• **Exercise**
Print exactly what appears from the line containing "دروغبا يحتفل في" through the final line of the data below, pictures excluded.

• **Source material**

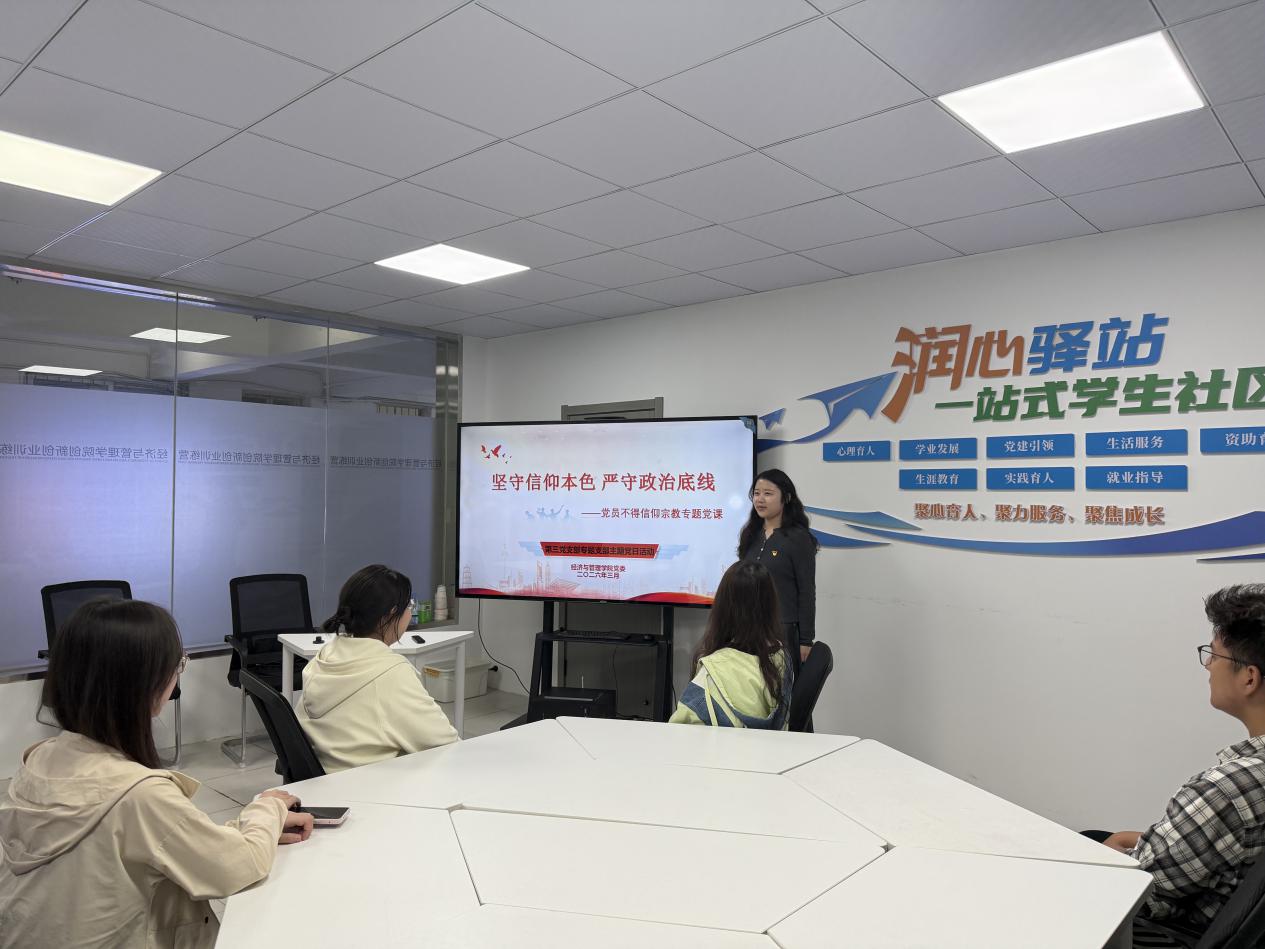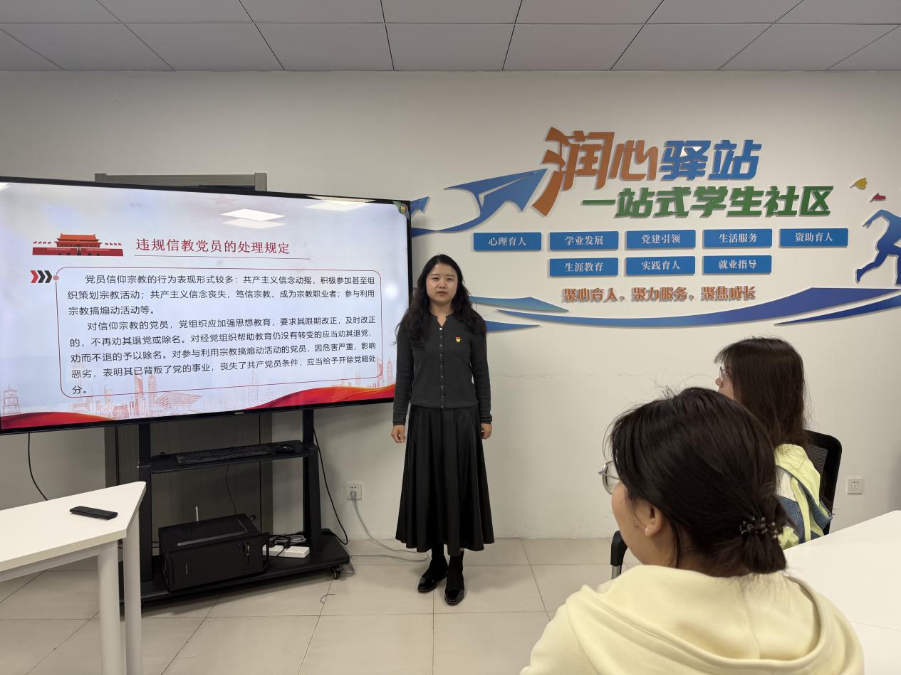 活动伊始,全体党员起立奏唱《中华人民共和国国歌》,庄严的旋律凝聚起奋进力量;在领誓人带领下,全体党员面向鲜红党旗,举起右拳重温入党誓词,铮铮誓言铿锵有力,进一步坚定了理想信念、强化了责任担当,让每一位党员接受了一次深刻的党性洗礼和思想淬炼。随后,徐梅馨围绕活动主题讲授专题党课,结合高校学生党员的学习生活实际和成长发展需求,系统阐释了正确政绩观的核心要义、信仰本色的精神内涵以及政治底线的重要意义,详细解读了学生党员树立和践行正确政绩观、坚守政治底线的具体要求。同时,结合高校党员违纪违法典型案例开展警示教育,以案为鉴、以案明纪,警示全体党员时刻自重自省自警自励,勤掸“思想尘”、多思“贪欲害”、常破“心中贼”,坚决守住政治关、纪律关,筑牢廉洁自律思想防线。
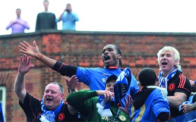 دروغبا يحتفل في لندن بتحقيق أهم إنجاز في تاريخه. أ.ف.ب
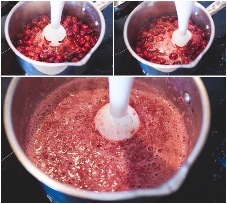 Blend your cherry compote: when your cherry compote is cool enough, take a stick mixer if you have one (if not, use your blender

• **Response to the task**
 دروغبا يحتفل في لندن بتحقيق أهم إنجاز في تاريخه. أ.ف.ب
 Blend your cherry compote: when your cherry compote is cool enough, take a stick mixer if you have one (if not, use your blender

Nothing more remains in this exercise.